Jönsson Bengt, Carides George W, Burke Thomas A, Dasbach Erik J, Lindholm Lars H, Dahlöf Björn
Stockholm School of Economics, Stockholm, Sweden.
J Hypertens. 2005 Jul;23(7):1425-31. doi: 10.1097/01.hjh.0000173527.73179.f5.
Evaluate the cost effectiveness of losartan compared with atenolol from a Swedish national health system perspective.
The Losartan Intervention For Endpoint reduction in hypertension study (LIFE) was a double-masked, randomized trial of losartan versus atenolol in 9193 patients with essential hypertension and left ventricular hypertrophy (LVH) ascertained by electrocardiography. Losartan reduced the primary composite end point of cardiovascular death, myocardial infarction (MI), or stroke by 13% (P = 0.021) and reduced the risk of stroke by 25% (P = 0.001), despite a comparable degree of blood pressure control.
Life years gained was estimated by combining the absolute risk reduction in stroke with the life years gained by preventing stroke. Quality-adjusted life years (QALYs) gained was estimated by combining the absolute risk reduction in stroke with the QALYs gained by preventing stroke. QALYs were estimated by weighting life years by health-related quality of life (QoL), as measured with visual analogue scale (VAS) data collected in the trial. Net costs were defined as the total of study medication cost, stroke-related costs, and costs of increased survival. Costs are in 2003 Swedish prices. All costs and effects were discounted at a 3% annual rate.

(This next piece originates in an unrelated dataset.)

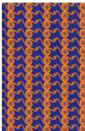
Fig. 26: Laid out design pattern 1

Prevention of a stroke resulted in a gain of 5.7 life years and 4.3 QALYs. As a consequence, losartan treatment resulted in a per patient increase of 0.092 life years [95% confidence interval (CI): 0.038, 0.146] and 0.069 QALYs (95% CI: 0.028, 0.109) as compared with atenolol treatment. Losartan reduced direct stroke-related cost per patient by 1141 euros due to a lower cumulative incidence of stroke for losartan at 5.5 years (4.9%) as compared with atenolol (6.5%) (95% CI of difference: 0.7, 2.5). The reduction in stroke-related cost offset 80% of the added cost of losartan drug therapy. After inclusion of study medication cost, net cost per patient was 289 euros higher for losartan than atenolol. The net cost per QALY gained for losartan was 4188 euros (37,813 SEK), which is well within common Swedish benchmark upper values (200-500,000 SEK) for accepted cost-effective interventions.

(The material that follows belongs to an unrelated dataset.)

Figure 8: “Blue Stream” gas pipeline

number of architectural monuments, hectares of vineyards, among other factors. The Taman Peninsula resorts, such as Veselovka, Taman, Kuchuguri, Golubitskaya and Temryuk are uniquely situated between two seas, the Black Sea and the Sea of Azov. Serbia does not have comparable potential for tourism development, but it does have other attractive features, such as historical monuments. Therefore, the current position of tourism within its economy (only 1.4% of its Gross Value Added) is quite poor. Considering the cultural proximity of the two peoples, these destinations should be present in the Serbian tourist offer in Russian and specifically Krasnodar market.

Based on the results from the LIFE trial, treatment with losartan compared with atenolol, in hypertensive patients with LVH, is a cost-effective intervention.

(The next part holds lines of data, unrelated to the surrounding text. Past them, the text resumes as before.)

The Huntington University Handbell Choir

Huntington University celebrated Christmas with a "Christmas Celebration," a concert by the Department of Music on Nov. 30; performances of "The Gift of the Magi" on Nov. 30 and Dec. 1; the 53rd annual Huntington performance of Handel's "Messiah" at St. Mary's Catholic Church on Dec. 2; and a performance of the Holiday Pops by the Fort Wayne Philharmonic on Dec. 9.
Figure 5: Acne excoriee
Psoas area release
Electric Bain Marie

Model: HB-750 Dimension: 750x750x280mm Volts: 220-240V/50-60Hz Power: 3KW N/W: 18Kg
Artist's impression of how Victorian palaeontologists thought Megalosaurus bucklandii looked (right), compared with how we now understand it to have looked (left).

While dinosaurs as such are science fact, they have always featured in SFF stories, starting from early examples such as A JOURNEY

从瑞典国家卫生系统的角度评估氯沙坦与阿替洛尔相比的成本效益。
氯沙坦干预降低高血压终点研究(LIFE)是一项双盲、随机试验,在9193例原发性高血压且经心电图确诊为左心室肥厚(LVH)的患者中比较氯沙坦与阿替洛尔。尽管血压控制程度相当,但氯沙坦使心血管死亡、心肌梗死(MI)或中风的主要复合终点降低了13%(P = 0.021),使中风风险降低了25%(P = 0.001)。
通过将中风绝对风险降低与预防中风所获得的生命年相结合来估计获得的生命年。通过将中风绝对风险降低与预防中风所获得的质量调整生命年(QALY)相结合来估计获得的QALY。QALY通过用试验中收集的视觉模拟量表(VAS)数据测量的与健康相关的生活质量(QoL)对生命年进行加权来估计。净成本定义为研究药物成本、中风相关成本和生存增加成本的总和。成本以2003年瑞典价格计算。所有成本和效果均按每年3%的贴现率进行贴现。
预防一次中风可使生命年增加5.7年,QALY增加4.3个。因此,与阿替洛尔治疗相比,氯沙坦治疗使每位患者的生命年增加0.092年[95%置信区间(CI):0.038,0.146],QALY增加0.069个(95%CI:0.028,0.109)。由于氯沙坦在5.5年时中风的累积发生率较低(4.9%),而阿替洛尔为(6.5%),氯沙坦使每位患者与中风直接相关的成本降低了1141欧元(差异的95%CI:0.7,2.5)。中风相关成本的降低抵消了氯沙坦药物治疗额外成本的80%。纳入研究药物成本后,氯沙坦每位患者的净成本比阿替洛尔高289欧元。氯沙坦每获得一个QALY的净成本为4188欧元(37,813瑞典克朗),这完全在瑞典常见的可接受成本效益干预基准上限值(200 - 500,000瑞典克朗)范围内。
基于LIFE试验的结果,在患有LVH的高血压患者中,与阿替洛尔相比,氯沙坦治疗是一种具有成本效益的干预措施。